Brief Introduction

This project is to analyze an air quality dataset. The data was obtained along a main road in an Italian city over 13 months.

The project goal is to use both linear and non-linear models to predict the absolute humidity by giving a temperature. And also compare the prediction results from partially cleaned data and mostly cleaned data. Matlab is the tool used in this project.

Steps

1. Data preparation: remove missing values and duplicates.

2. 1st time regression analysis and make predictions.

3. Further clean data: find outliers and remove outliers.

4. 2nd time regression analysis and make predictions.

5. Compare the 1st and 2nd predictions.

Outcomes

- 1st time Linear Regression:

The coefficient of determination (r square) is 0.3358, which is close to 0. Therefore, this is not a good fit.

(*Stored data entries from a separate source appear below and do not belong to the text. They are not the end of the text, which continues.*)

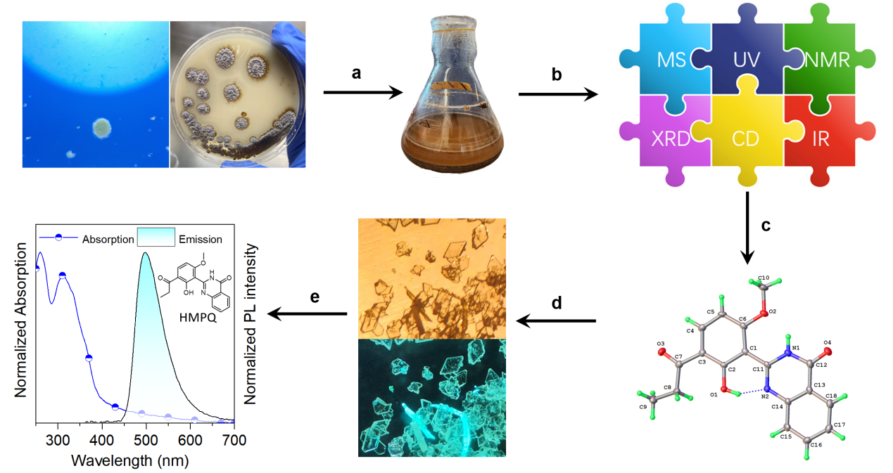 图2. 微生物来源的AIE小分子HMPQ的发现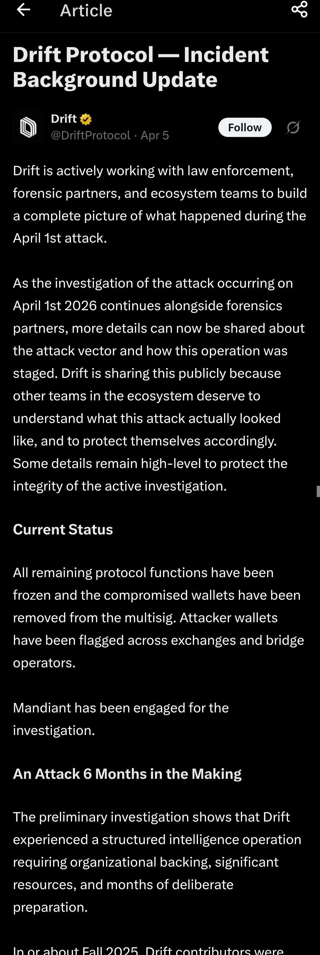 (Full Incident Background Update from Drift is on X.)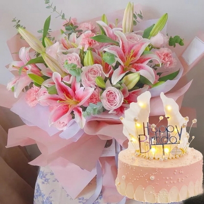 9支粉玫瑰,6支粉康,6支多頭粉百合,尤加利葉間插;圓形皇冠蛋糕,內(nèi)層蛋糕胚+優(yōu)質(zhì)奶油疊加,水果果肉夾層,表層珍珠皇冠、羽毛、彩燈等裝飾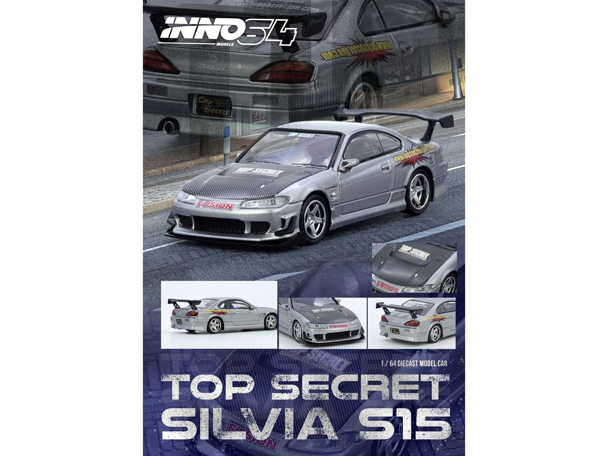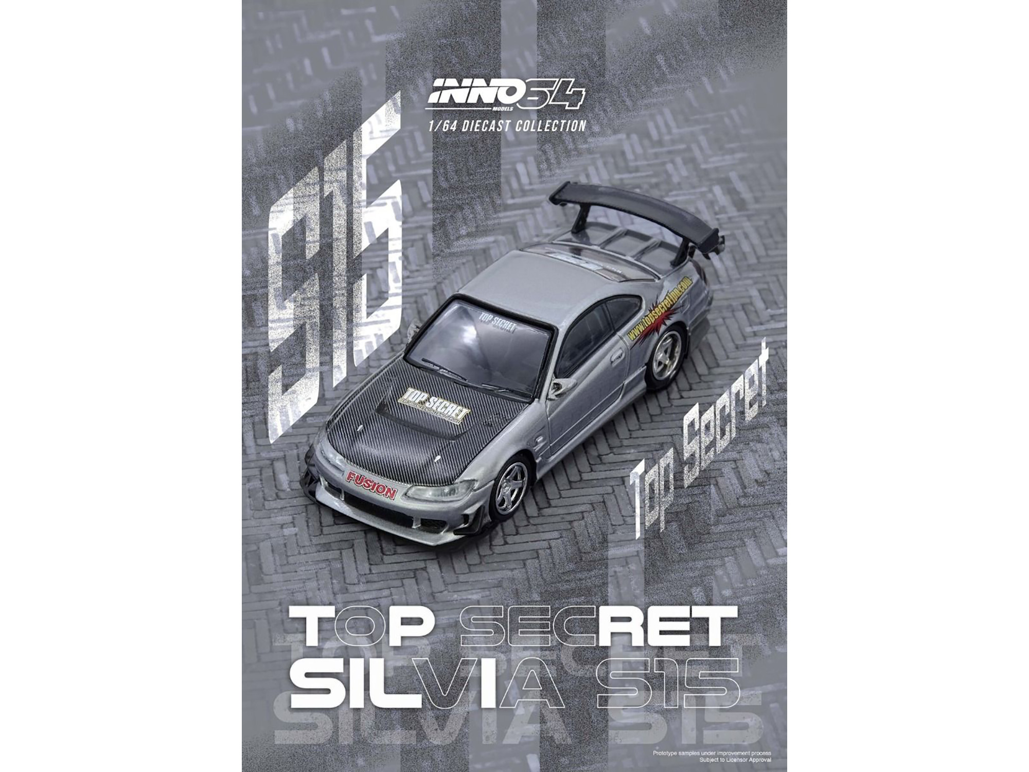 - Brand new 1/64 scale diecast car model of Nissan “Top Secret” Silvia (S15) RHD (Right Hand Drive) Silver Metallic with Carbon Hood die cast model car by Inno Models.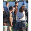 Reese works on her hair while Rob works on set -- doesn't seem fair!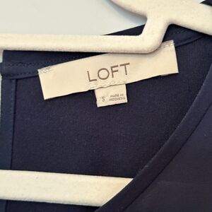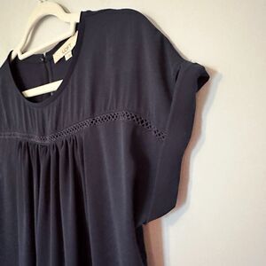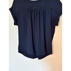 Loft Blouse Womens Small Navy Blue Cutout Neckline Short Sleeve Mixed Media Top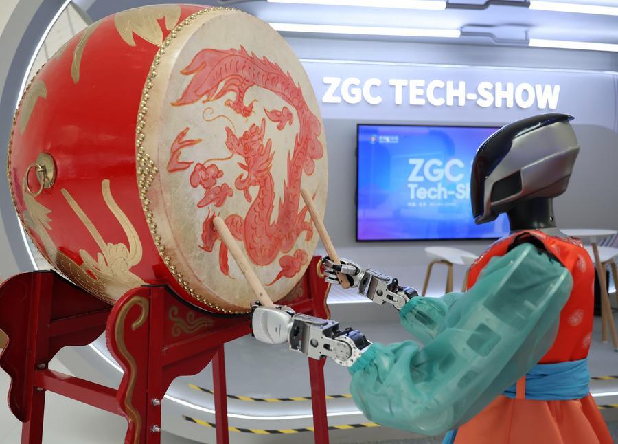 A robot stages a performance at the Zhongguancun International Innovation Center in Beijing, capital of China, March 24, 2026. (Xinhua/Zhang Chenlin)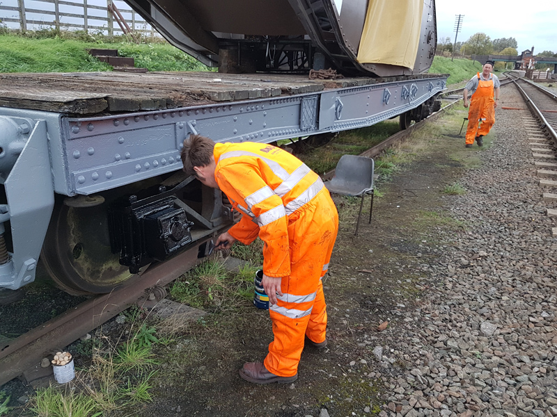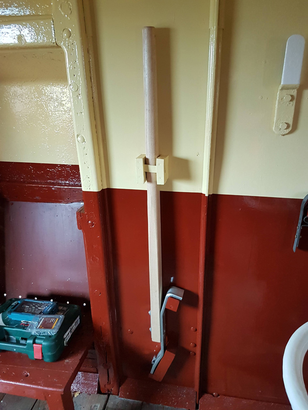Sunday and down came the rain, unfortunately, this put a hold to the plans to continue painting. We were able to fit the filler pieces, painted over the previous days, and finished off the final detailing of the interior. Handbrake wheel painted, track circuit operating clips and the short-circuiting bar fitted.
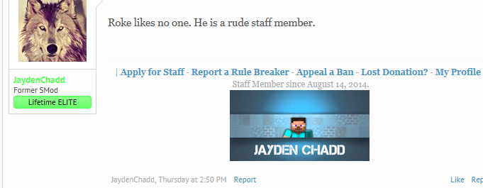 @Lord_Roke, don't mean to call you out, but you need to treat your fellow staff members with respect. What happened to you? You used to be so nice, just because you have personal problems (if you do, I'm pretty sure you do) doesn't mean you to have to blame the staff, @JaydenChadd resigned because of you, he was a great staff member. #RIPJayden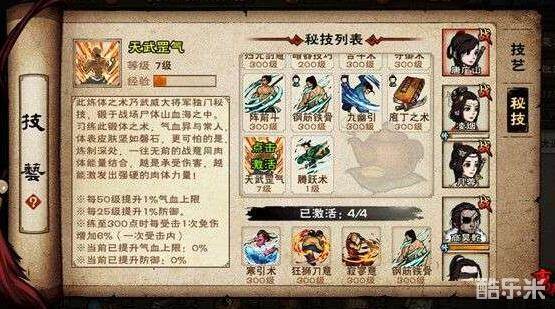 翻阅《天武炼体法》习得天武罡气,读书读到100后需装备秘技后打怪升级

The best fit line is: humidity = 0.3152 + 0.03621 * temperature

Predicted humidity is 1.58255 when temperature is 35 degrees.

- 1st time Nonlinear Regression (2nd degree polynomial model):

R-square is 0.3443.

The equation is: humidity = 0.001002 * temperature^2 + 0.003151 * temperature + 0.5659

Predicted humidity is 1.9036 when temperature is 35 degrees.

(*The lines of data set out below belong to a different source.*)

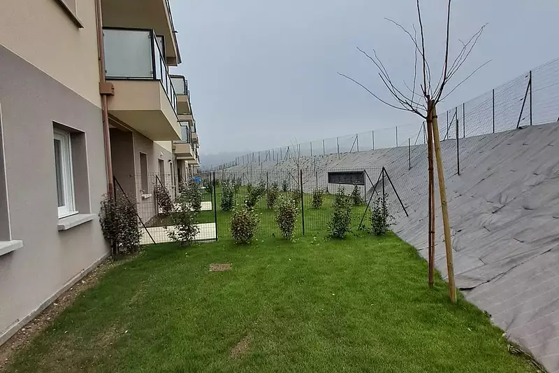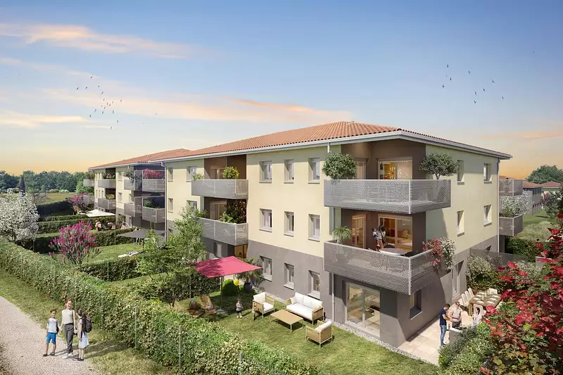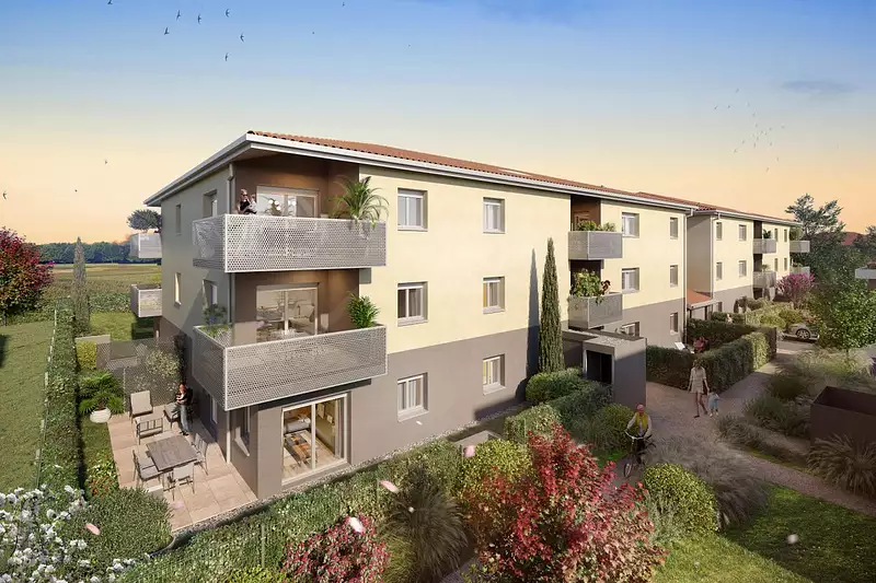 Entouré en partie de terres agricoles, ce programme est constitué de 2 bâtiments de 2 étages et vous propose des appartements T3 et T4 en rez-de-jardin à partir de 185 000 €* seulement !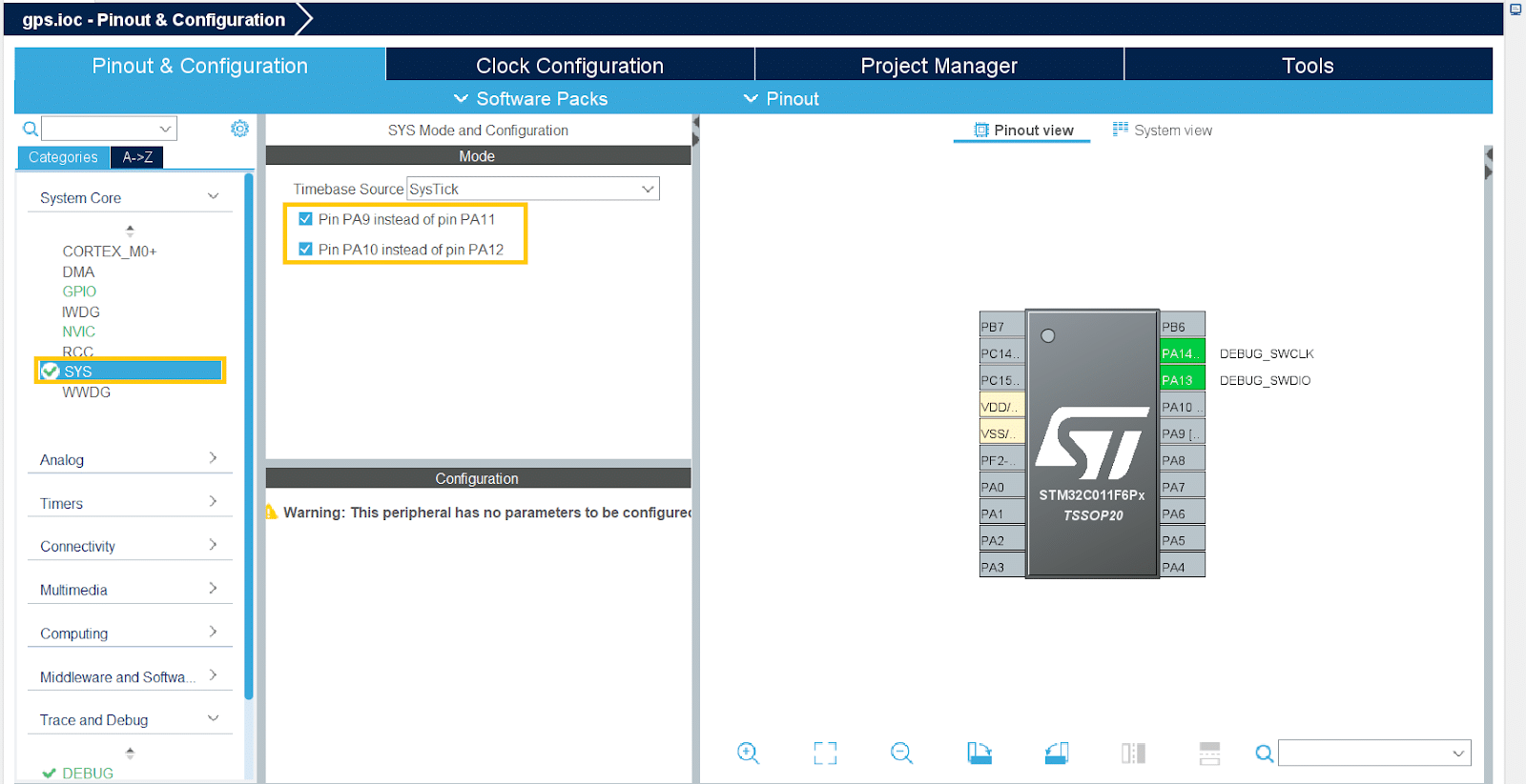 - Em System Core > Sys habilite Pin PA9 e Pin PA10.
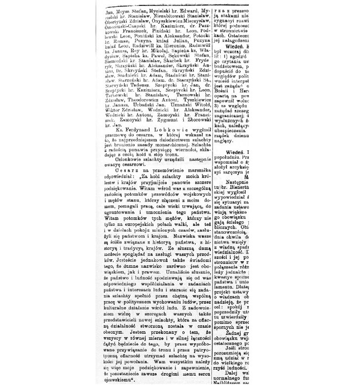 [Czas. — № 257. — 7 листопада 1908 р. —. С. 1; Gazeta Narodowa. — № 258. — 8 листопада 1908 р. — С. 2]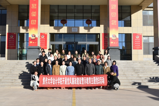 為積極響應(yīng)校紀(jì)委有關(guān)深入開展“學(xué)黨規(guī)黨紀(jì),做清廉表率,當(dāng)干事先鋒”為主題的黨風(fēng)廉政活動(dòng)月的號(hào)召,近日會(huì)計(jì)學(xué)院黨總支組織教工黨支部和學(xué)生黨支部的全體黨員到河南省焦作監(jiān)獄開展“黨風(fēng)廉政建設(shè)警示教育”主題黨日活動(dòng)。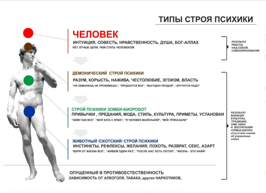 Здесь в графике показано, что определяет состояние человека, это красный цвет. И то что ещё определяет в нём ещё его животное, низменное состояние. Посмотрите как вы себя проявляете в настоящее время в связи с пандемией и в своей жизни вообще, на каком уровне эволюции находится ваше сознание.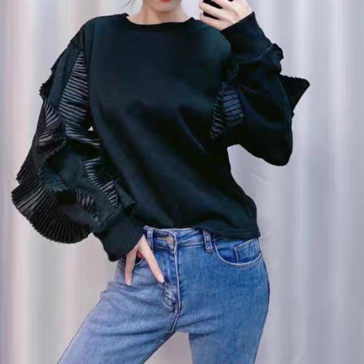 pleated fin sleeve sweat

- Find outliers and remove outliers:

Use built-in function ‘boxplot()’ to find Upper Adjacent and Lower Adjacent.

- 2nd time Linear Regression:

R-square is 0.9332, which is close to 1. Therefore, this is a fairly good fit.

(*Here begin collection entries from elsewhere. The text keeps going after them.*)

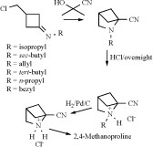 Synthesis of 2,4-methanoproline and derivatives have been reported by several authors. Most of the syntheses of 2,4-methanoproline are accomplished by an intramolecular light-induced [2+2] cycloaddition of an appropriate diene [11-12]. Only Gaoni used an intramolecular cyclization strategy for his approach [13]. Also analogues containing the 2-azabicyclo[2.1.1]hexane skeleton are often synthesized by the light-induced [2+2] cyclization [14-17]. The rearrangement of an appropriate bromohydrine to synthesize 5-hydroxy-2-azabicyclo[2.1.1]-hexanes has also been described [18-19]. A two-step synthetic approach toward 3-(chloromethyl)cyclobutanone was described and used in the synthesis of 2,4-methanoproline analogues [20]. The key step consists of a reversible addition of hydrogen cyanide onto the imines (Scheme 1).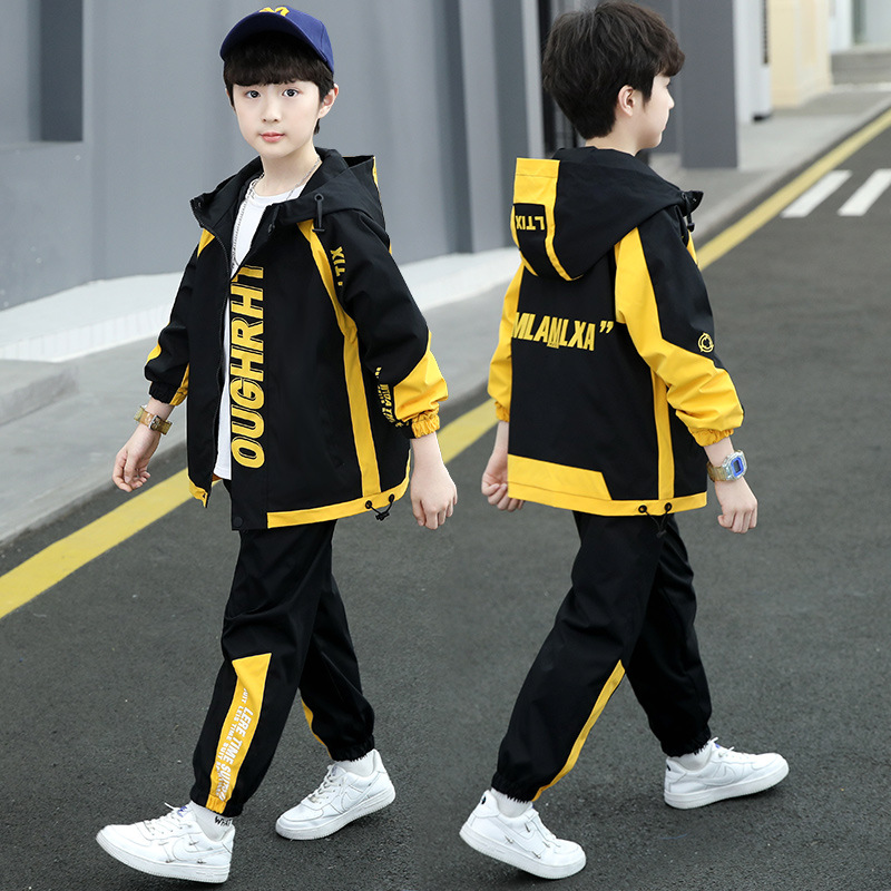남아 정장 봄가을복 2025 신상 큰아이 패셔너블하고 멋진 캐주얼 스웨트셔츠 투피스 세트 아동 수출복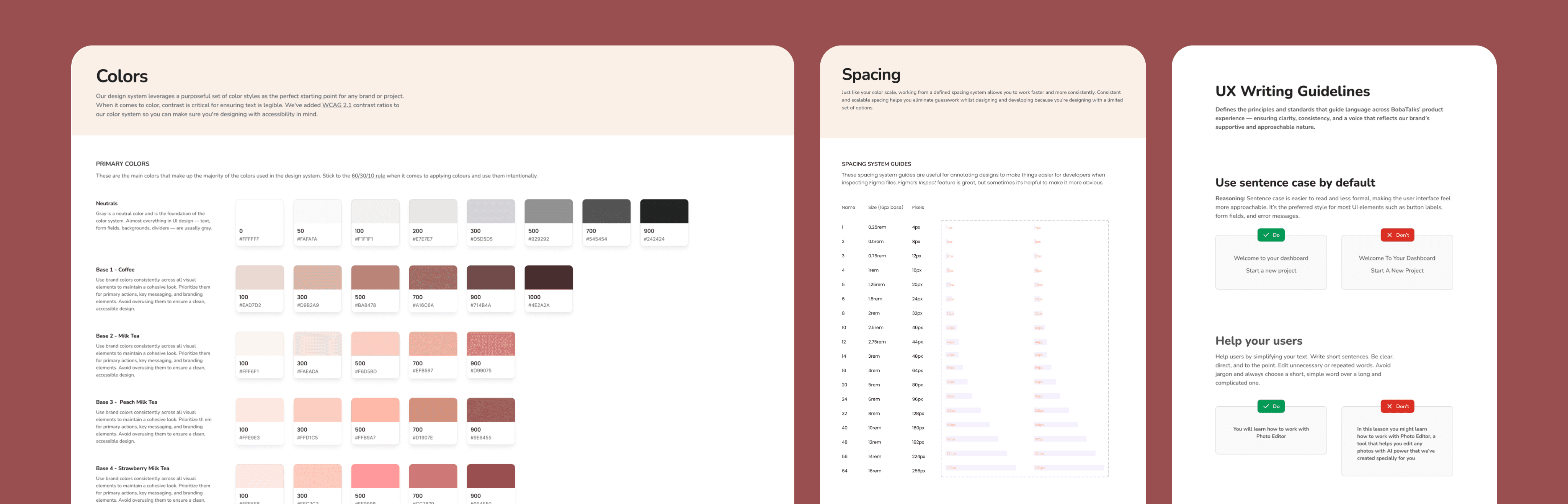This design system provides a comprehensive set of design guidelines, components, and resources that empower developers and designers to build consistent interfaces that align with BobaTalk's brand standards.

The equation is:humidity = 0.0332 * temperature + 0.3597

Predicted humidity is 1.5217 when temperature is 35 degrees

- 2nd time Nonlinear Regression (2nd Degree Polynomial Model):

R-square is 0.9429.

Model equation is: humidity = 0.0007089 * temperature^2 + 0.01141 * temperature + 0.5154

Predicted humidity is 1.7832 when temperature is 35 degrees

Removing outliers gives a significant improvement in both linear and non-linear models. Predictions can be very different from partially cleaned data and mostly cleaned data, it is more obvious in the non-linear models.